TIMESTAMP_NTZ is not supported by Fabric Delta. Pandas datetime64 columns get written to Parquet as TIMESTAMP_NTZ which Fabric rejects with Columns of the specified data types are not supported. The load-via-notebook script handles this automatically by casting TIMESTAMP_NTZ columns to DATE before writing. If generating data manually, use .dt.date to convert datetime to date objects before saving Parquet.
list-tables and load-table both fail on schemas-enabled lakehouses. The entire Lakehouse Tables REST API is unsupported. Use MCP onelake_list_tables for listing and the notebook path for loading.
- Upload then load — two steps. You cannot write directly to
Tables/. Upload Parquet to Files/ first, then load as Delta.
- Load Table
relativePath must start with Files/ and use the pattern Files/path/to/file.parquet. No leading slash.
- Table names must match
^[a-zA-Z_][a-zA-Z0-9_]{0,255}$. No spaces, no dashes, no special chars.
faker locale for Spanish is es_ES. Use Faker('es_ES') for Spanish names, addresses, etc.
- Generate dimensions before facts so FK values can reference valid PKs.
- Date dimension should cover the full range of dates in fact tables. Generate it first, then sample date_ids for facts.
- Parquet preserves types. Use proper pandas dtypes:
int64 for IDs, float64 for amounts, datetime64 for dates, object for strings.
- Load Table API is async (202). The script polls automatically.
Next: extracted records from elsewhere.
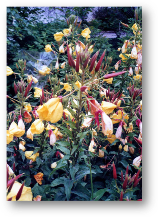 La seconde, l’œnothère aux sépales rouges (Oenothera erythrosepala) fait référence aux sépales striés de rouge.
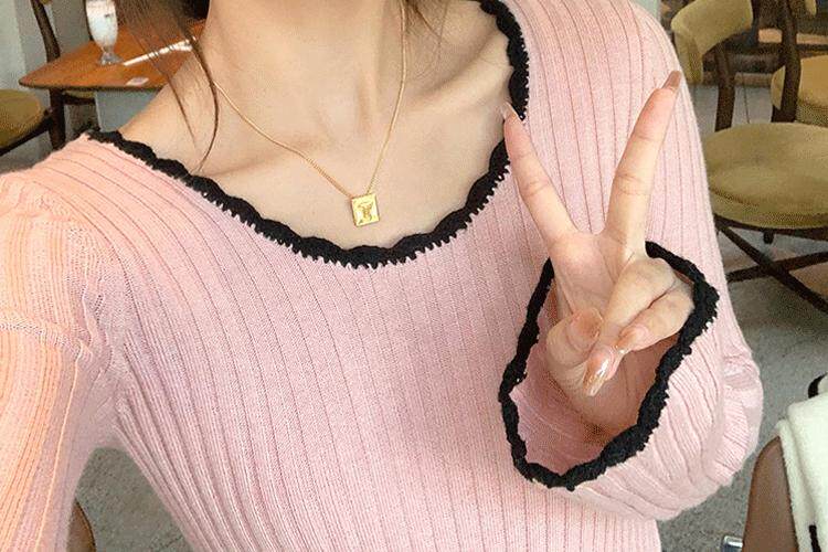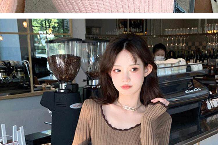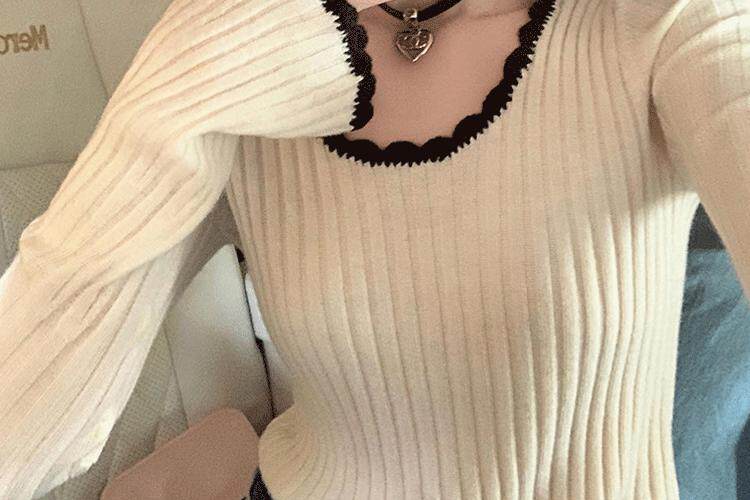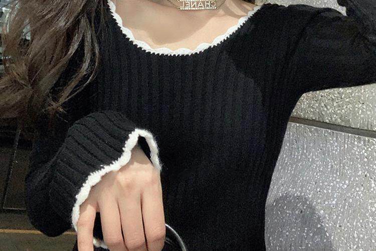 法式小香風喇叭袖木耳邊針織毛衣女秋冬高級感修身內搭打底衫上衣
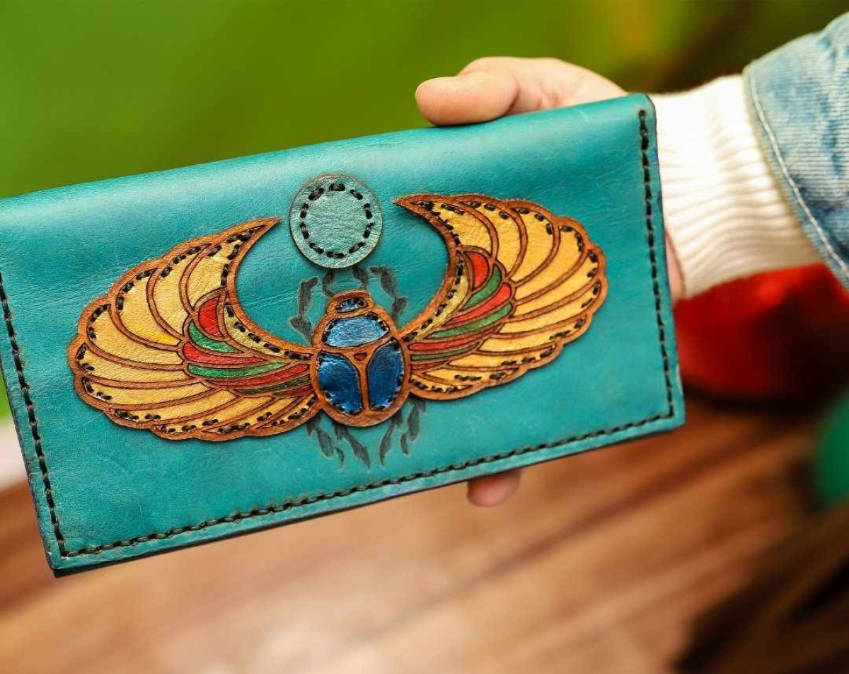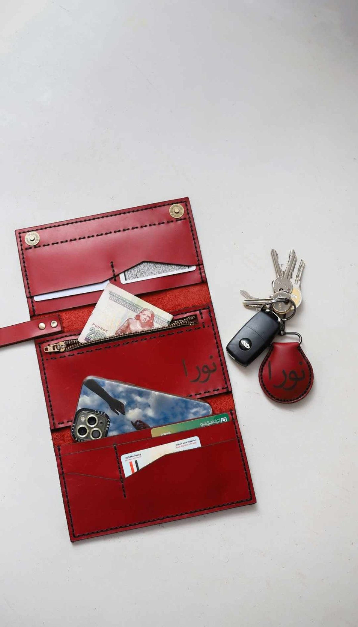 Genuine leather wallet with pockets for cards and money, as well as a zipper pocket Size 22" x 12" and is closed, available in several colors

- OneLake upload has a file size limit. For large datasets (>100MB), consider splitting into multiple Parquet files and using
pathType: Folder.
- Real-time notebook needs
%pip install azure-eventhub. Fabric Spark pools don't ship it by default. The template already installs it — do not remove the magic.
- Eventstream connection string must include an
EntityPath or the event hub name must be passed separately. The template passes both and uses eventhub_name=EVENTSTREAM_ENTITY_PATH explicitly; this works whether or not EntityPath is in the connection string.
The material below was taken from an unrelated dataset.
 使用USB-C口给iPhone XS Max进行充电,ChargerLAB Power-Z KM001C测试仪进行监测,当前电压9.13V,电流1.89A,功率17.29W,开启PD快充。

- Don't auto-run the real-time notebook. The user usually wants to configure consumers on the Eventstream side (KQL DB, Activator, Power BI) before events start flowing. Deploy only — let the user trigger it.
Global Rules
- Generate dimensions first, facts second. Facts reference dimensions via FKs.
- Always maintain referential integrity. Every FK value must exist in the referenced dimension.
- Use realistic data, not "test1, test2". Use faker for names, realistic ranges for numbers, proper date distributions.
- Parquet format only. No CSV — Parquet preserves types and is faster to load.
- Non-destructive by default. Use
mode: Overwrite for the specific table, but never delete unrelated tables.